WORK TO COMPLETE → Would you restate each entry word for word, omitting the pictures?

───── SOURCE DATA

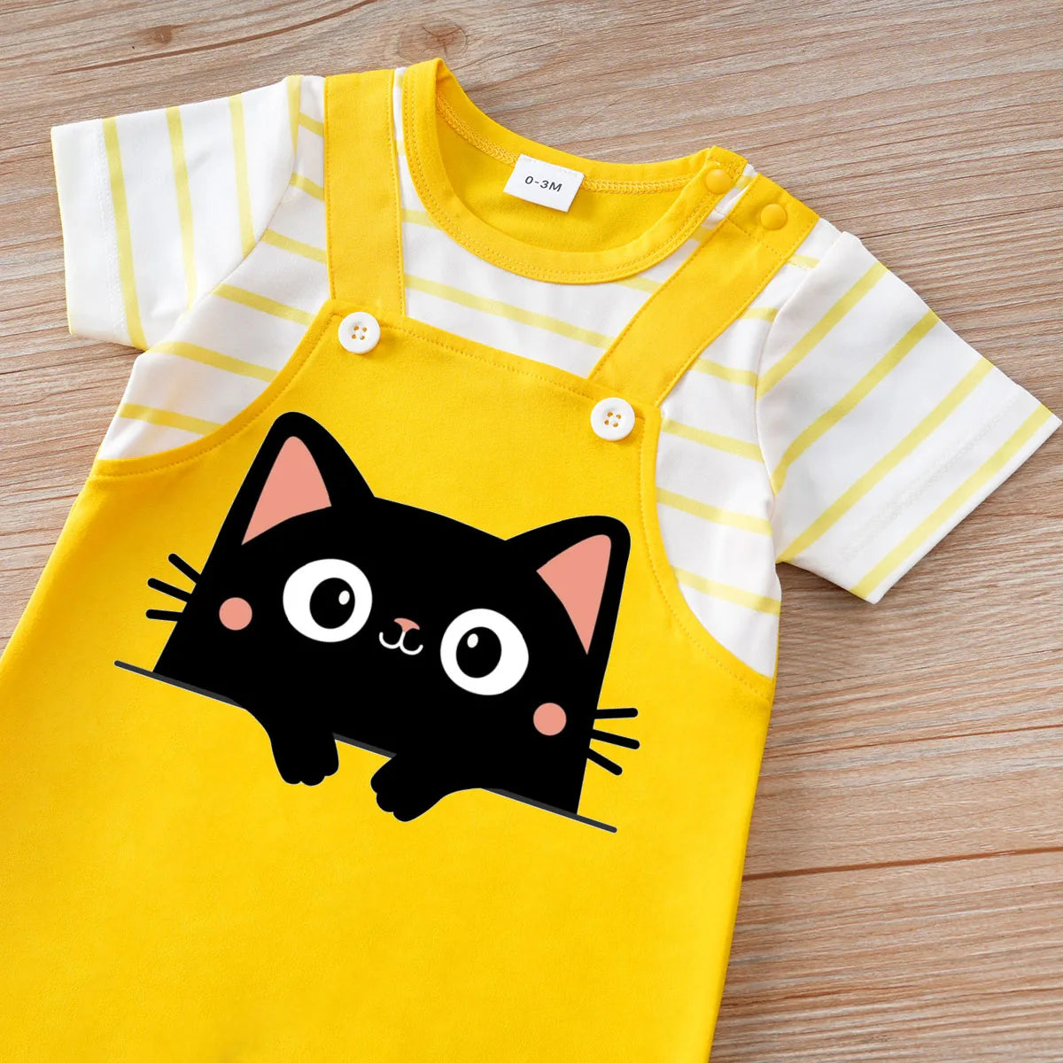 IURNXB Newborn Baby Romper Summer Cat Printed Short Sleeve Stripe Jumpsuit Infant One Piece Outfit for Boys Girls Unisex 0-18M
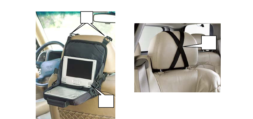 To attach the DVD Player Case to a seat back (Photos 1 & 2):
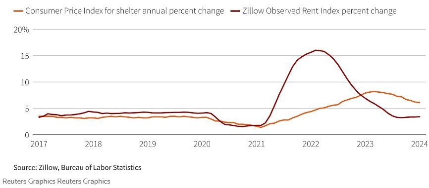 为捕捉当前市场价格(而非官方数据中缓慢变动的平均值)而实时编制的租金衡量指标表明,价格上涨已经放缓。例如,美联储官员密切关注的在线房地产公司Zillow的一项指数显示,截至1月份的租金年增长率为3.4%。
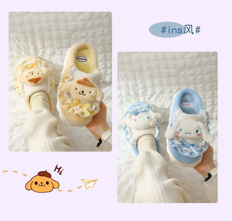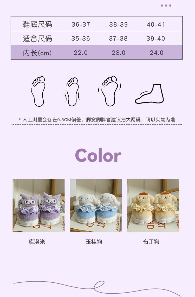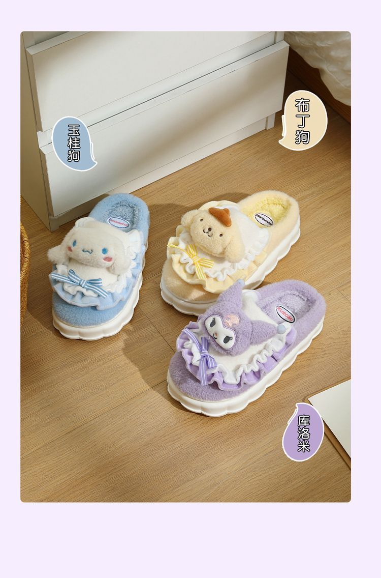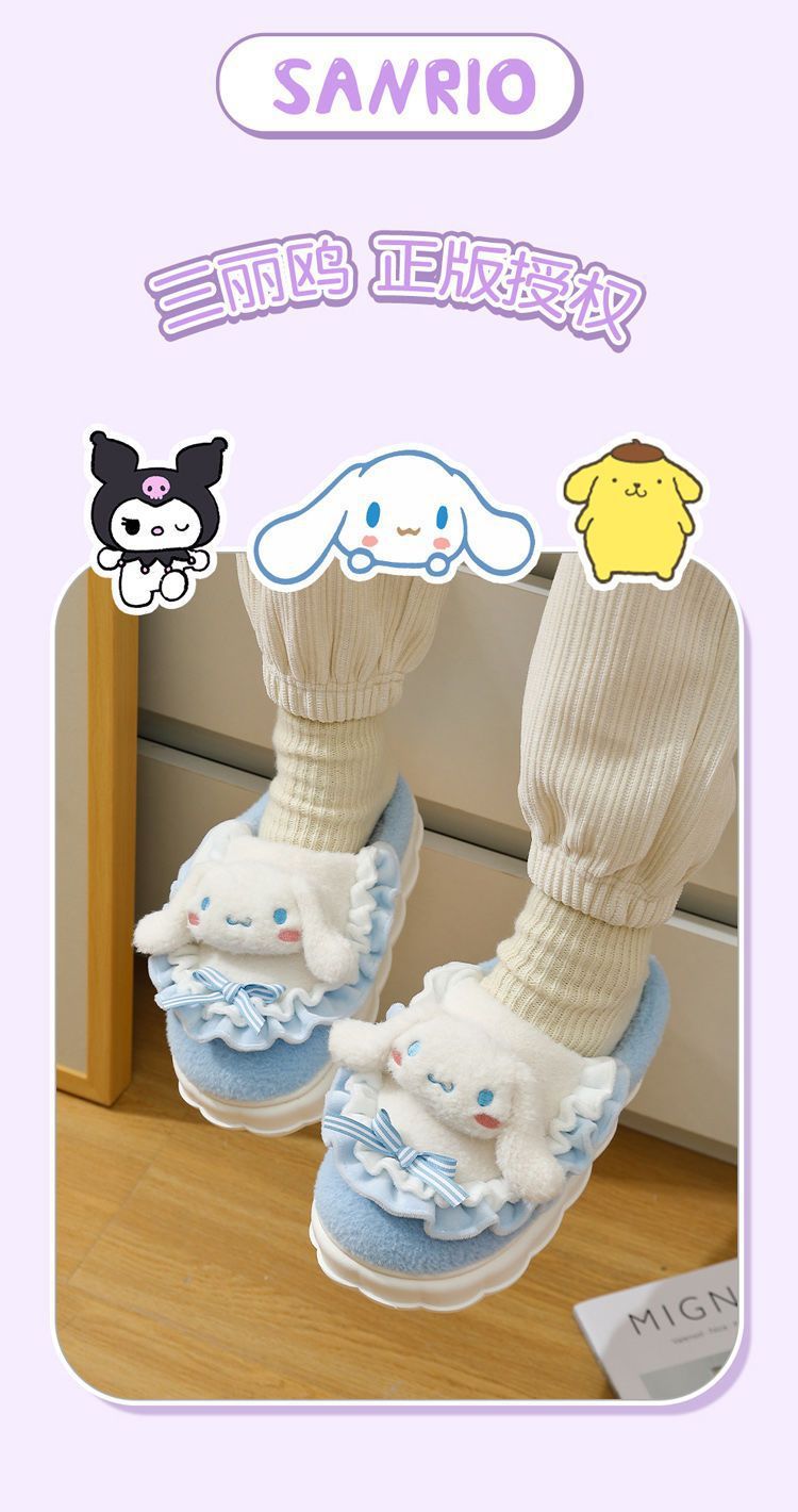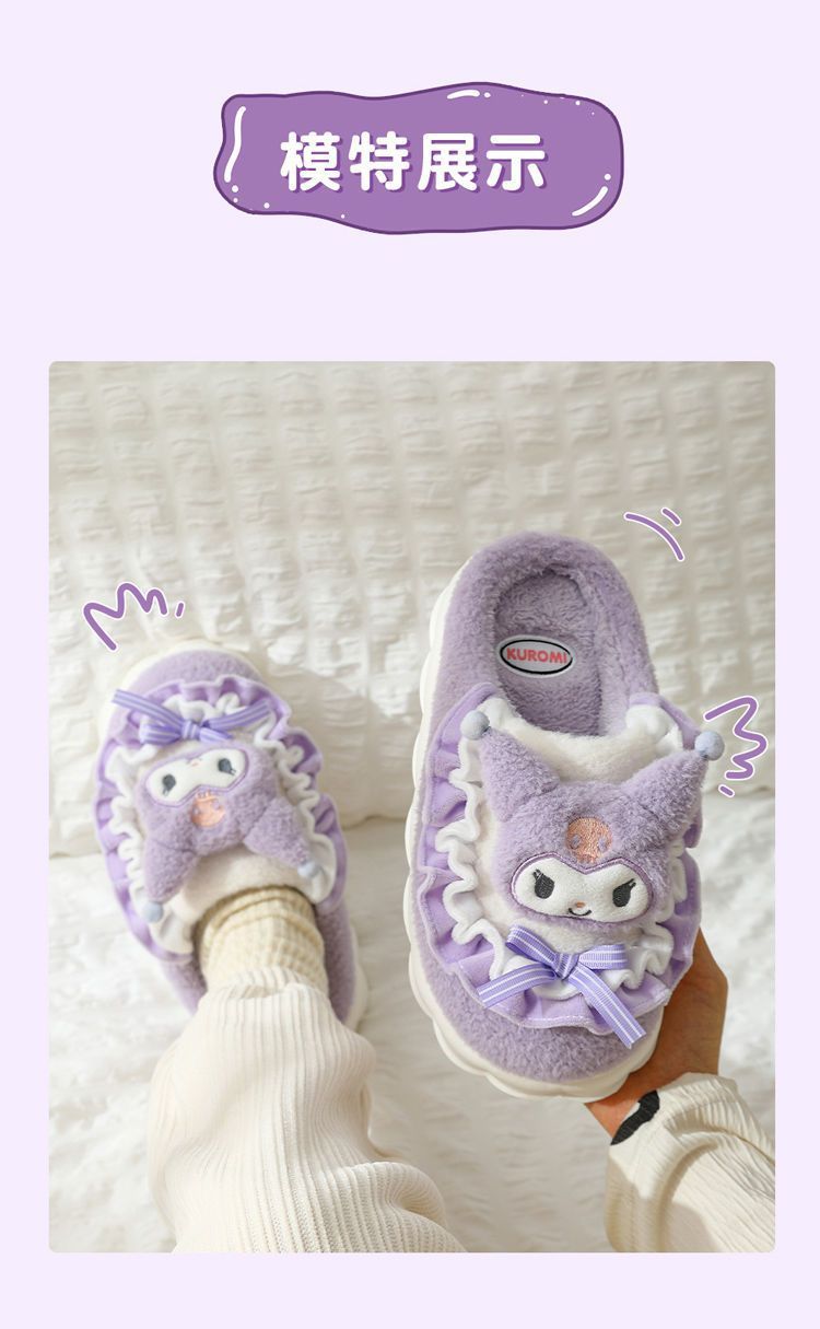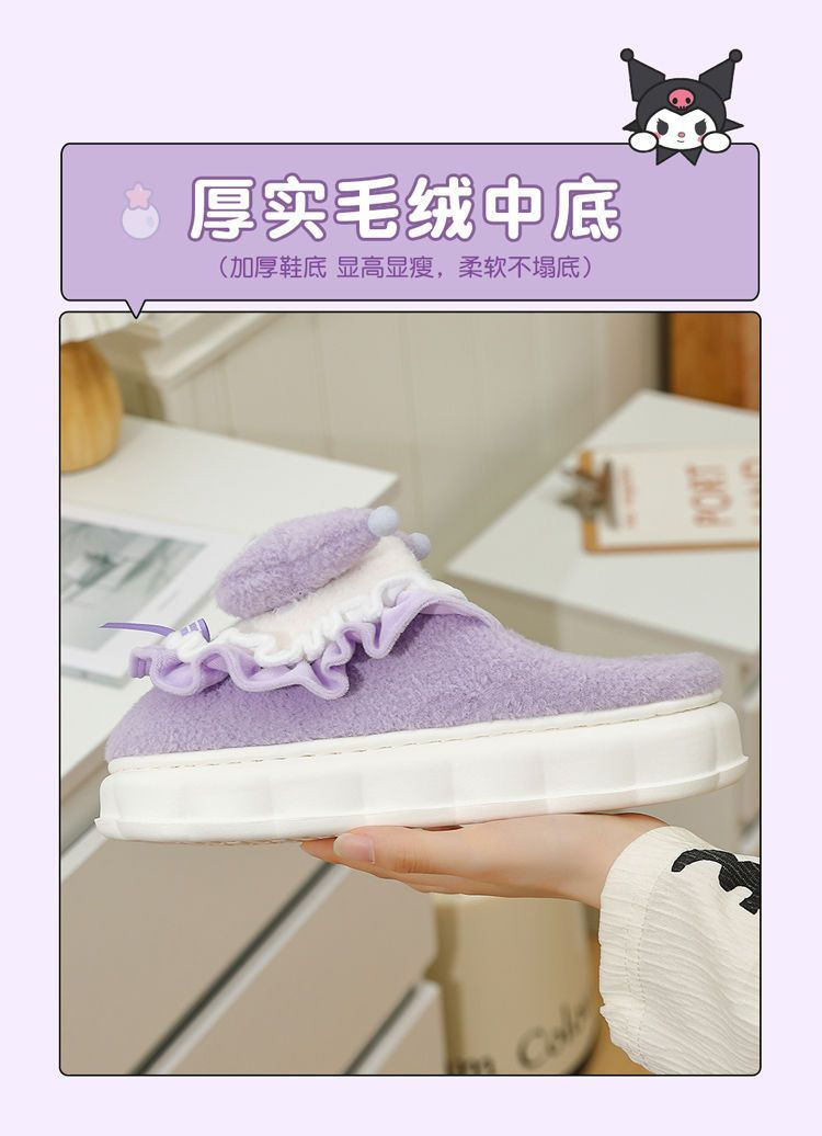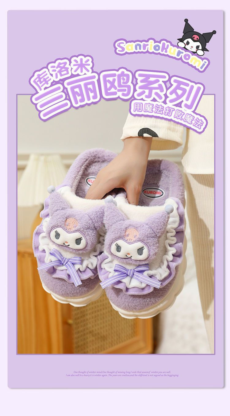 【用魔法打败魔法!库落米三丽鸥系列】可爱甜美卡通形象,加厚鞋底,显高柔软不塌底,女居家家用软底增高舒适可爱款棉拖鞋L
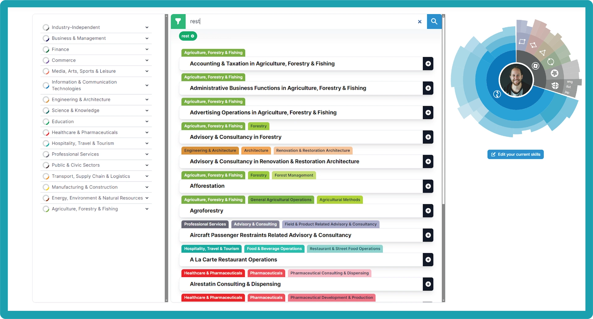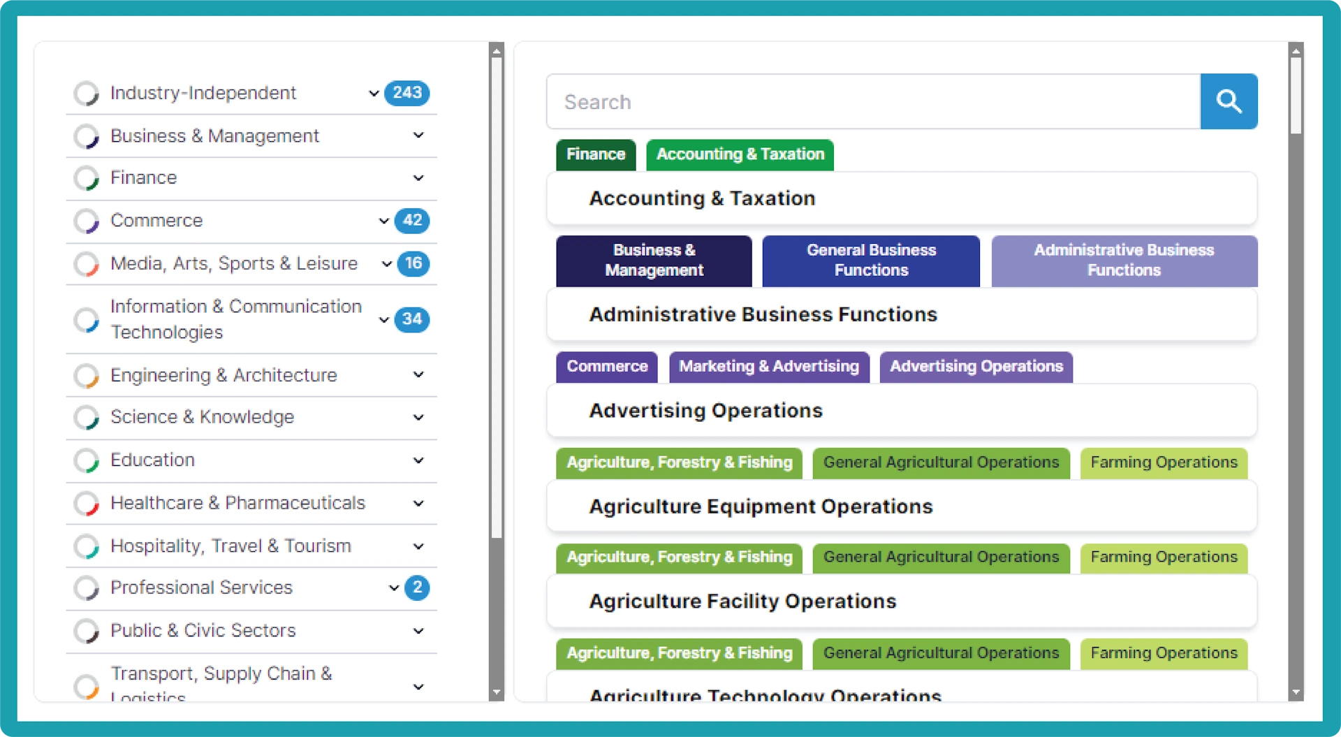 Industry skills are sector-specific skills that are laid out over a hierarchic split of fields under each industry as domains and specializations. Most industry skills take two parameters to define levels: Level of Expertise and Level of Experience.

──────────

SOLUTION →
 IURNXB Newborn Baby Romper Summer Cat Printed Short Sleeve Stripe Jumpsuit Infant One Piece Outfit for Boys Girls Unisex 0-18M
 To attach the DVD Player Case to a seat back (Photos 1 & 2):
 为捕捉当前市场价格(而非官方数据中缓慢变动的平均值)而实时编制的租金衡量指标表明,价格上涨已经放缓。例如,美联储官员密切关注的在线房地产公司Zillow的一项指数显示,截至1月份的租金年增长率为3.4%。
 【用魔法打败魔法!库落米三丽鸥系列】可爱甜美卡通形象,加厚鞋底,显高柔软不塌底,女居家家用软底增高舒适可爱款棉拖鞋L
 Industry skills are sector-specific skills that are laid out over a hierarchic split of fields under each industry as domains and specializations. Most industry skills take two parameters to define levels: Level of Expertise and Level of Experience.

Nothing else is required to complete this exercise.